* **Work instructions**: Please restate the records that follow exactly, skipping their images.

(Beginning of Supplied material)

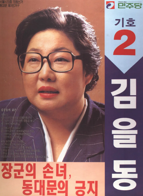 배우 김을동은 연예인 겸 제18대 19대 국회의원입니다. 집안에 유명인사가 많기로 유명합니다. 아버지가 야인시대 일대기의 실제인물 제3~6대 국회의원 김두한이며, 할아버지가 독립유공자 김좌진 장군이죠. 그리고 남편은 기업인이었으며 전 대통령비서실 공보관, 아들은 배우 송일국. 딸 송송이도 과거 배우의 길을 걸었습니다.
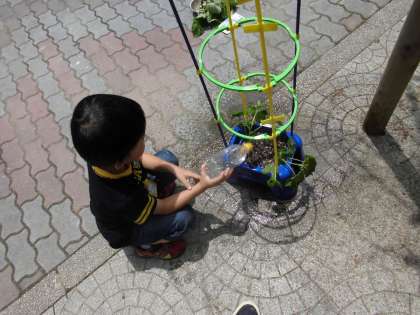今日はすくすく育ったあさがおを2つに選別しました。支柱もたてて,これからもぐんぐん伸びていきます。
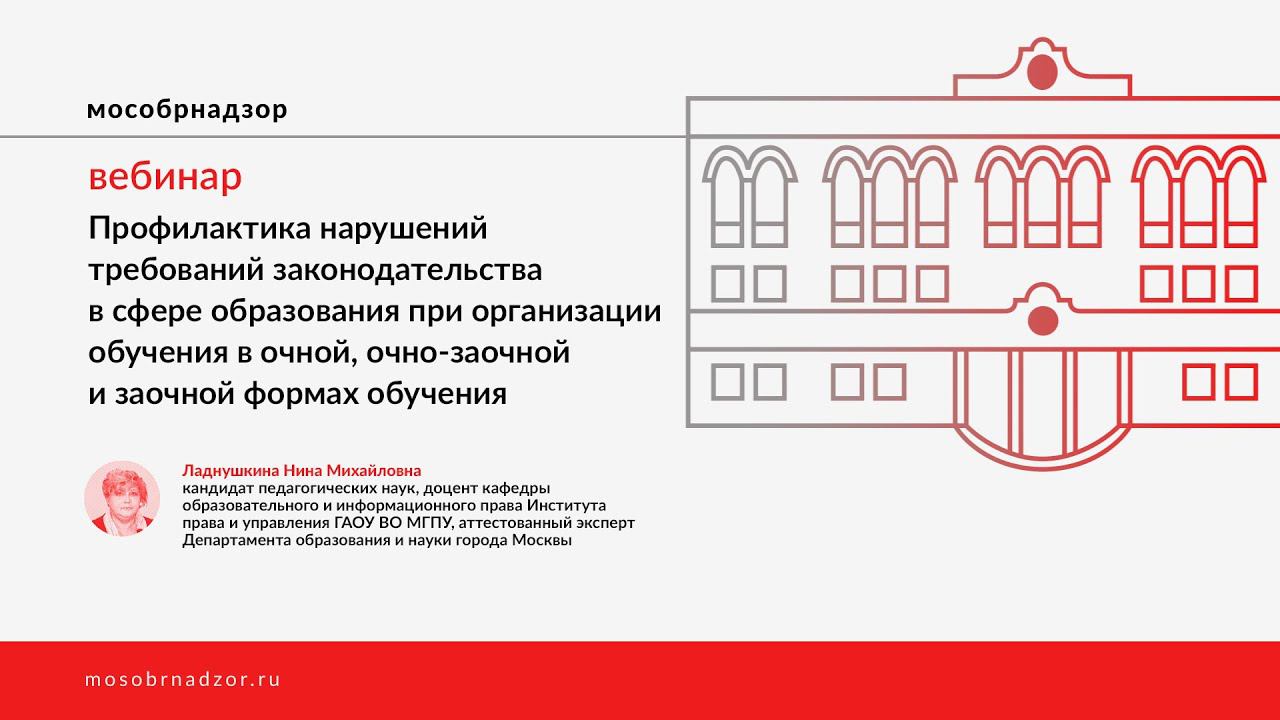 Вебинар «Профилактика нарушений требований законодательства в сфере образования при организации обучения в очной, очно-заочной и заочной формах обучения» был проведен в рамках проекта Мособрнадзор.РФ 29 мая 2020 года. Ведущая вебинара - Ладнушкина Н.М. Страница вебинара на сайте проекта - http://mosobrnadzor.ru/prevention/webinars/2020-05-29_15-00
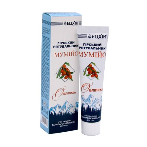 Крем – бальзам содержит сбалансированный комплекс экстрактов мумие, облепихи, алоэ, бодяги, чистотела, ромашки, мяты перечной и зверобоя. Основными компонентами являются масло облепихи и мумие. Масло облепихи стимулирует процессы кожного кровообращения, способствуя заживлению микротравм на коже, нормализует внутриклеточный обмен.
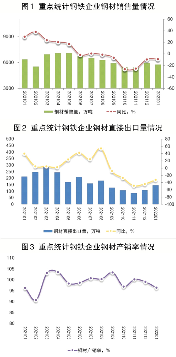 1月份,從產銷率角度看,板帶材生產與銷售銜接情況要好于長材。
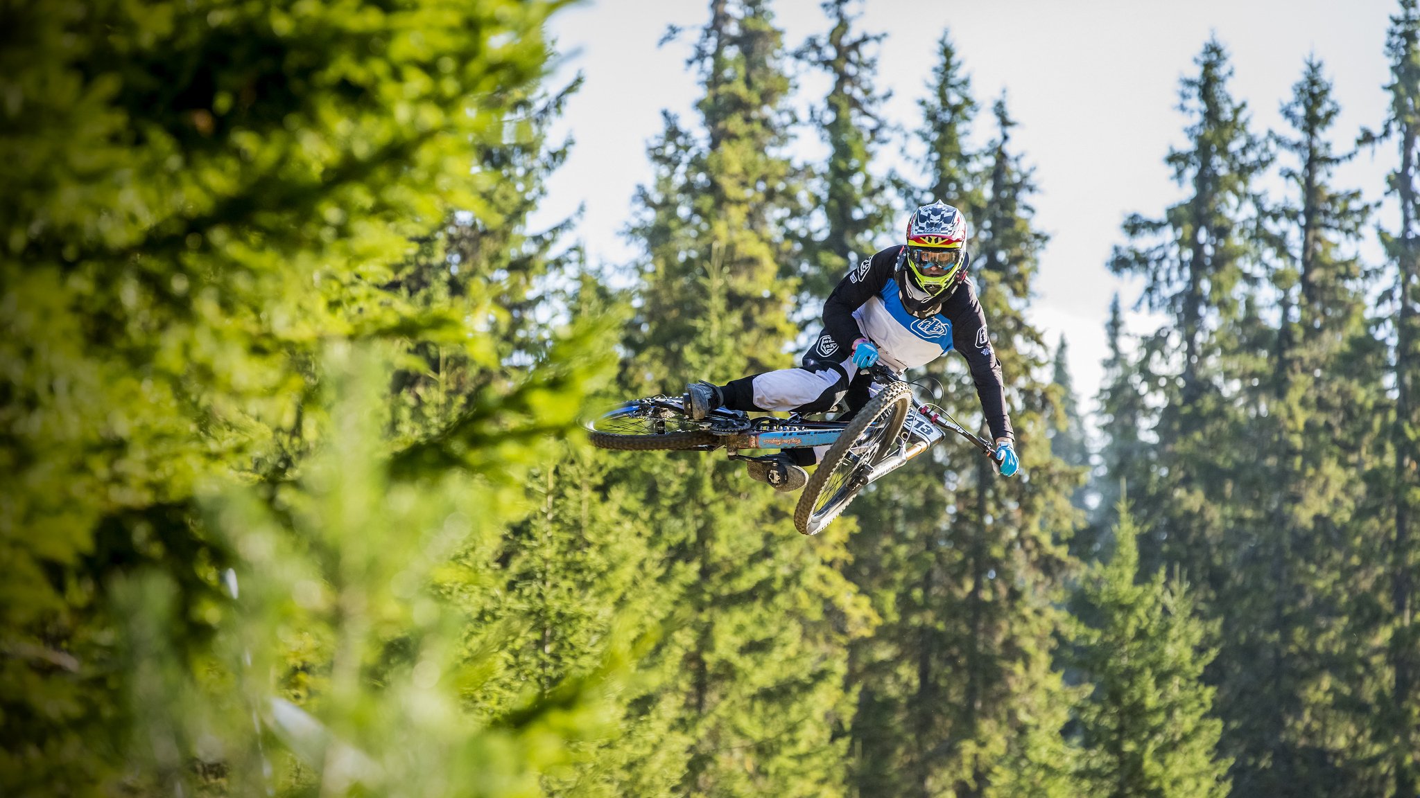 An athlete on a bicycle flies against the background of treesAn athlete on a bicycle flies against the background of trees
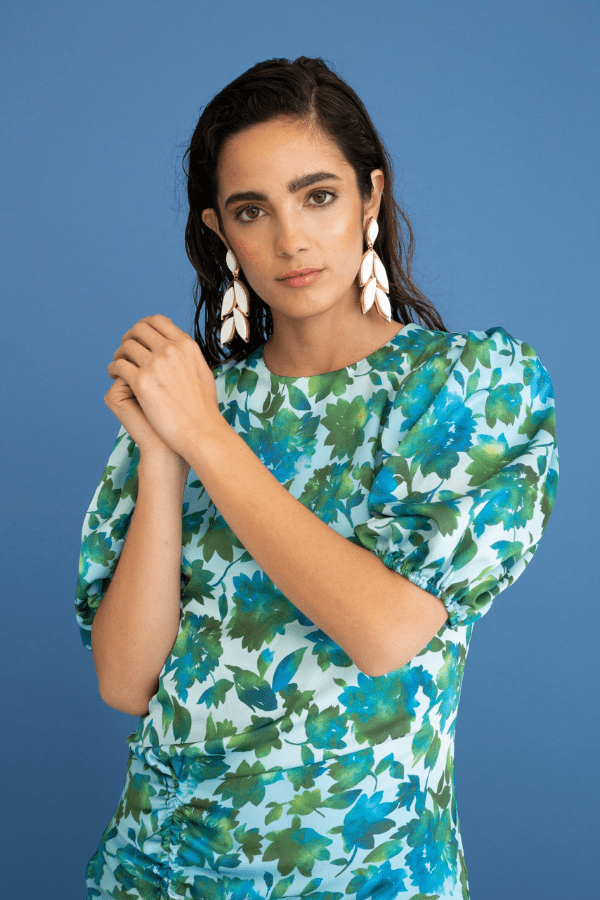 Combínalo con el vestido Olinda en negro, sandalias de color y coleta baja desenfadada
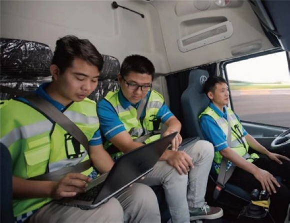 深水港物流园经东海大桥到洋山码头,来回72公里的物流环线,涵盖了普通道路、高速公路、码头、堆场、夜间大交通流量等复杂场景,每年有60余天还要经受东海大桥上7级以上大风的“考验”,前阵子台风登陆,桥面风速超过10级,车辆依然能够保持车道直线行驶。融合了AI人工智能、5G、V2X车联通讯等先进技术的上汽智能重卡,获得了上海市智能网联汽车开放道路测试牌照,成功实现在港区特定场景下的L4级自动驾驶、厘米级定位、与自动化港机设备的交互以及东海大桥队列行驶,为港口运输客户提供更智能、更安全、更高效、更环保的集装箱转运方案。
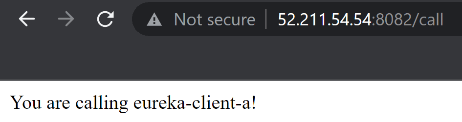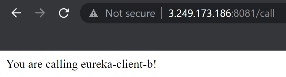 Let's access eureka-client-a at http://<private-ip>:8081/call. It returns the string from eureka-client-b, so everything's working!
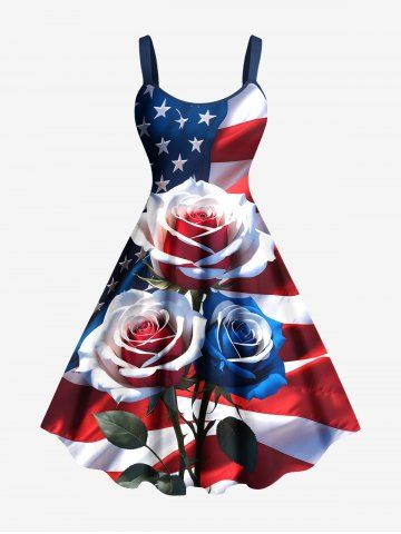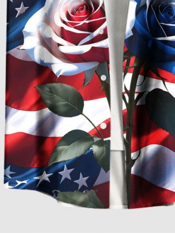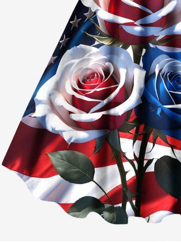 Patriotic American Flag Rose Flower Print Plus Size Matching Hawaii Beach Outfit For Couples - Red
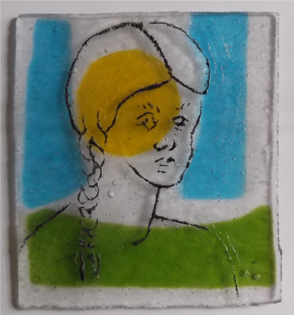 I tried one piece with dry powder without the intermediate frit. The result was very much like a charcoal drawing. That is a variation that needs further study.
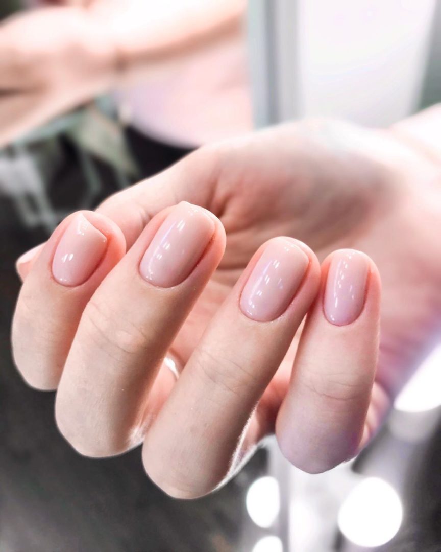 Если у вас короткие ногти – идеальный вариант сделать однотонный маникюр. Нюдовая палитра считается при этом наиболее подходящей

(End of Supplied material)

* **Answer to the problem**:
 배우 김을동은 연예인 겸 제18대 19대 국회의원입니다. 집안에 유명인사가 많기로 유명합니다. 아버지가 야인시대 일대기의 실제인물 제3~6대 국회의원 김두한이며, 할아버지가 독립유공자 김좌진 장군이죠. 그리고 남편은 기업인이었으며 전 대통령비서실 공보관, 아들은 배우 송일국. 딸 송송이도 과거 배우의 길을 걸었습니다.
今日はすくすく育ったあさがおを2つに選別しました。支柱もたてて,これからもぐんぐん伸びていきます。
 Вебинар «Профилактика нарушений требований законодательства в сфере образования при организации обучения в очной, очно-заочной и заочной формах обучения» был проведен в рамках проекта Мособрнадзор.РФ 29 мая 2020 года. Ведущая вебинара - Ладнушкина Н.М. Страница вебинара на сайте проекта - http://mosobrnadzor.ru/prevention/webinars/2020-05-29_15-00
 Крем – бальзам содержит сбалансированный комплекс экстрактов мумие, облепихи, алоэ, бодяги, чистотела, ромашки, мяты перечной и зверобоя. Основными компонентами являются масло облепихи и мумие. Масло облепихи стимулирует процессы кожного кровообращения, способствуя заживлению микротравм на коже, нормализует внутриклеточный обмен.
 1月份,從產銷率角度看,板帶材生產與銷售銜接情況要好于長材。
 An athlete on a bicycle flies against the background of treesAn athlete on a bicycle flies against the background of trees
 Combínalo con el vestido Olinda en negro, sandalias de color y coleta baja desenfadada
 深水港物流园经东海大桥到洋山码头,来回72公里的物流环线,涵盖了普通道路、高速公路、码头、堆场、夜间大交通流量等复杂场景,每年有60余天还要经受东海大桥上7级以上大风的“考验”,前阵子台风登陆,桥面风速超过10级,车辆依然能够保持车道直线行驶。融合了AI人工智能、5G、V2X车联通讯等先进技术的上汽智能重卡,获得了上海市智能网联汽车开放道路测试牌照,成功实现在港区特定场景下的L4级自动驾驶、厘米级定位、与自动化港机设备的交互以及东海大桥队列行驶,为港口运输客户提供更智能、更安全、更高效、更环保的集装箱转运方案。
 Let's access eureka-client-a at http://<private-ip>:8081/call. It returns the string from eureka-client-b, so everything's working!
 Patriotic American Flag Rose Flower Print Plus Size Matching Hawaii Beach Outfit For Couples - Red
 I tried one piece with dry powder without the intermediate frit. The result was very much like a charcoal drawing. That is a variation that needs further study.
 Если у вас короткие ногти – идеальный вариант сделать однотонный маникюр. Нюдовая палитра считается при этом наиболее подходящей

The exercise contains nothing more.